I am in line to board a plane and there is a teen girl behind me listening to TikToks on speakerphone, the volume at full blast. An actor-turned-content creator is on the screen, reenacting how her husband empties the dishwasher. Upbeat, comical music plays with crashing and banging sound effects and distant yelling. Each low fidelity buzz of audio is a knife under my skin.

The teen girl grows bored and flicks to the next video. Two women in leggings walk down an alley, eating corn from a can, talking about their early years of drug addiction recovery and laughing about being “gay for the stay” at rehab. It’s the kind of content I normally would like, but only being able to parse stray fragments of the sound amongst the chaos of human noise and movement around me makes it only an additional torment.

Behind the teen girl, there’s a kid playing Roblox or something similarly irritating on his Nintendo Switch, also without headphones. The girl continues to scroll through loud videos. There’s a buff man making bread and yelling about the recipe. I am feeling very tense. Someone in the waiting area is listening to their Spotify, with commercials, also without headphones. I can feel the tension moving into my stomach and my heart rate accelerating. I flinch at small things: a boarding announcement, a toddler running past me.

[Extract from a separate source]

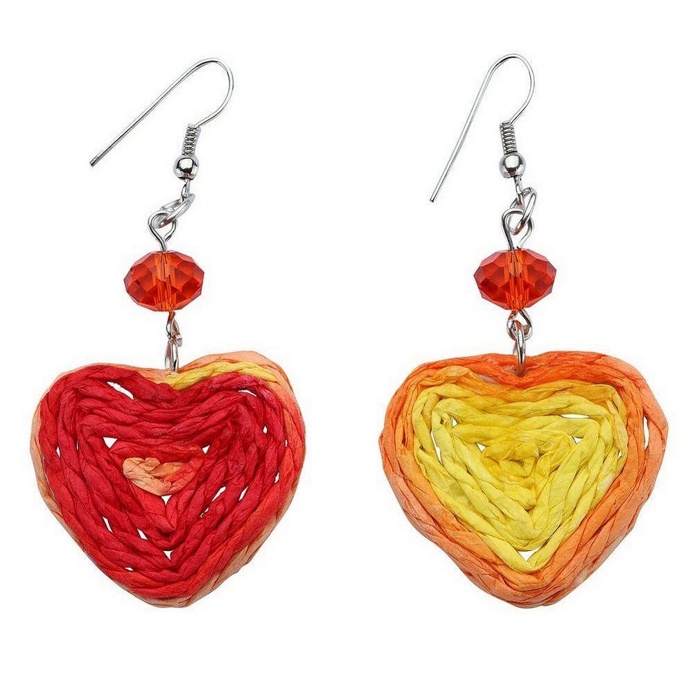 Drop Earring Heart Made With Raffia & Crystal Glass

Long before I get to the front of the line, I am fumbling with my phone, trying to ignore the noise all around me enough to focus, trying to pull up my boarding pass but finding that the airline’s mandatory app has automatically logged me out, again, despite the fact I have told it repeatedly to remember me. To log back in, I need a verification code from my email. But the wi-fi isn’t available in this airport. I have to verbally walk myself through the next steps so I don’t get lost.

I turn the wi-fi off and the data on. I check my email. I copy the code. Nope, it’s not…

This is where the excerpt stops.